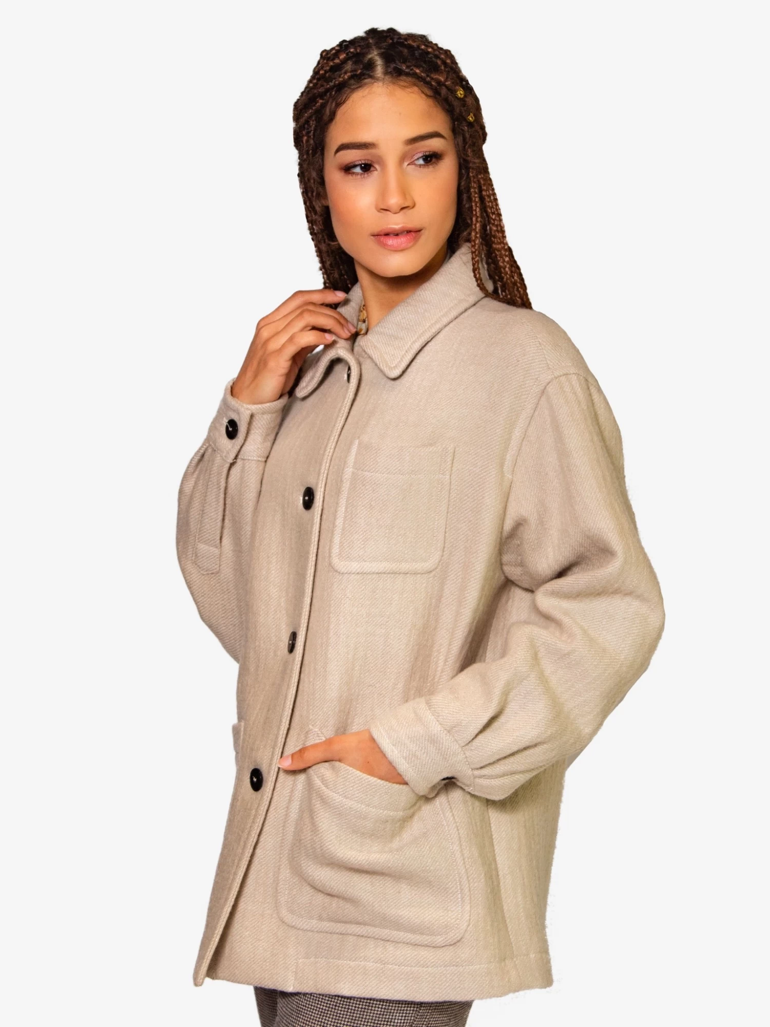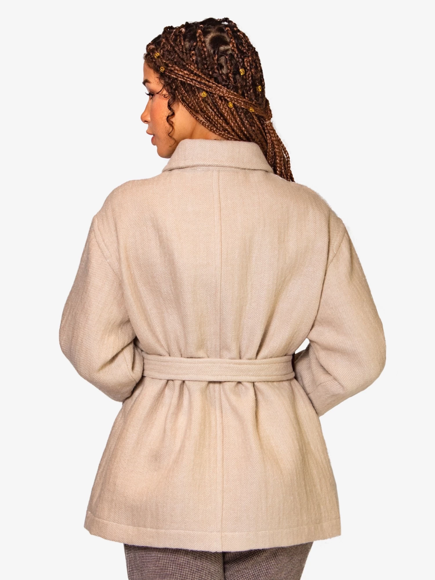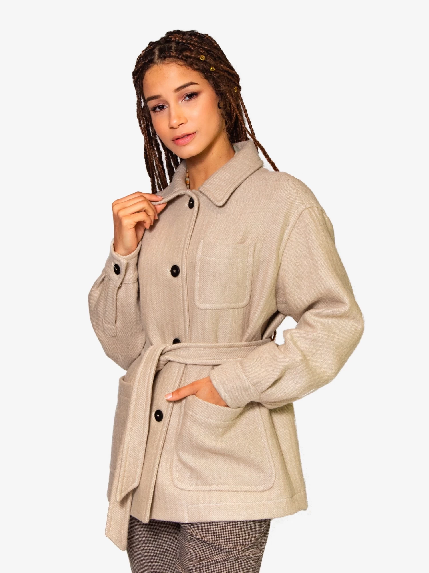Beautiful jacket with two front pockets, a single top left pocket, and button closure. Includes a belt for a tie waist look.
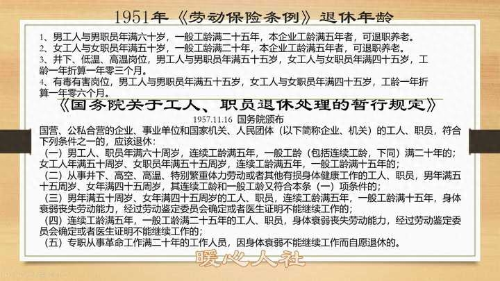 1957年《国务院关于工人职员退休处理的暂行规定》,主要是针对国家《劳动保险条例》退休年龄规定覆盖人员不完善所做出的全面统一。这里边有几项新的修订,主要是女性职员退休年龄改为了55周岁,另外一般工龄都降低了5年。新增了失去劳动能力提前退休的两项规定。
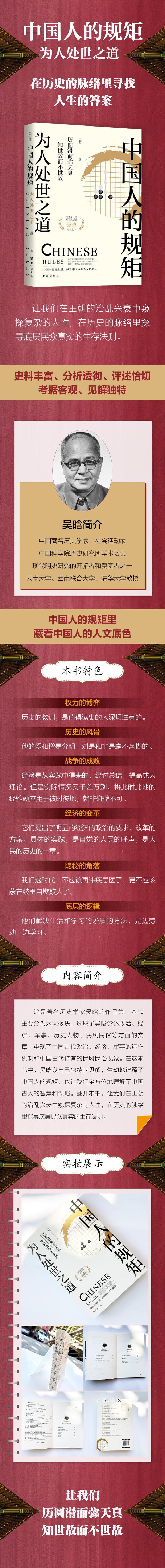 这是**历史学家吴晗的作品集。本书主要分为六大板块,选取了吴晗论述政治、经济、军事、历史人物、民风民俗等方面的文章,重现了中国古代政治、经济、军事的运作机制和中国古代特有的民风民俗现象。在这本书中,吴晗以自己独特的见解,生动地诠释了中国人的规矩,也让我们全方位地理解了中国古人的智慧和谋略。翻开本书,让我们在王朝的治乱兴衰中窥探复杂的人性,在历史的脉络里探寻底层民众真实的生存法则。
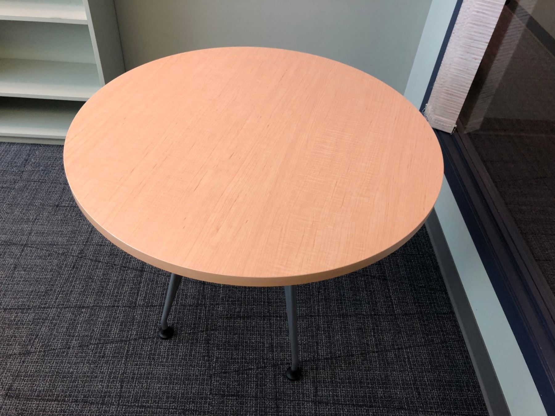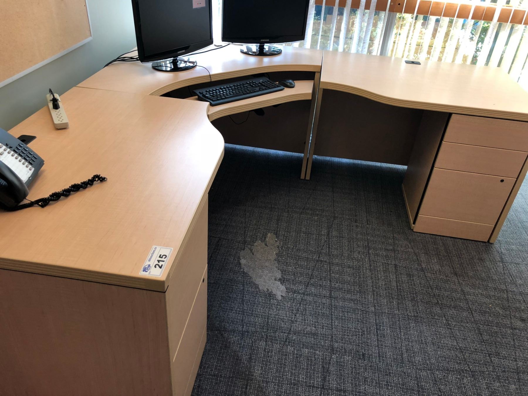 CONTENTS OF OFFICE INC. MAPLE CORNER COMPUTER DESK, MAPLE CONFERENCE TABLE, AND 2 TALL BOOK SHELVES

#####

Try it: Restate the data above word for word. Skip every picture.

Answer to this problem:
Beautiful jacket with two front pockets, a single top left pocket, and button closure. Includes a belt for a tie waist look.
 1957年《国务院关于工人职员退休处理的暂行规定》,主要是针对国家《劳动保险条例》退休年龄规定覆盖人员不完善所做出的全面统一。这里边有几项新的修订,主要是女性职员退休年龄改为了55周岁,另外一般工龄都降低了5年。新增了失去劳动能力提前退休的两项规定。
 这是**历史学家吴晗的作品集。本书主要分为六大板块,选取了吴晗论述政治、经济、军事、历史人物、民风民俗等方面的文章,重现了中国古代政治、经济、军事的运作机制和中国古代特有的民风民俗现象。在这本书中,吴晗以自己独特的见解,生动地诠释了中国人的规矩,也让我们全方位地理解了中国古人的智慧和谋略。翻开本书,让我们在王朝的治乱兴衰中窥探复杂的人性,在历史的脉络里探寻底层民众真实的生存法则。
 CONTENTS OF OFFICE INC. MAPLE CORNER COMPUTER DESK, MAPLE CONFERENCE TABLE, AND 2 TALL BOOK SHELVES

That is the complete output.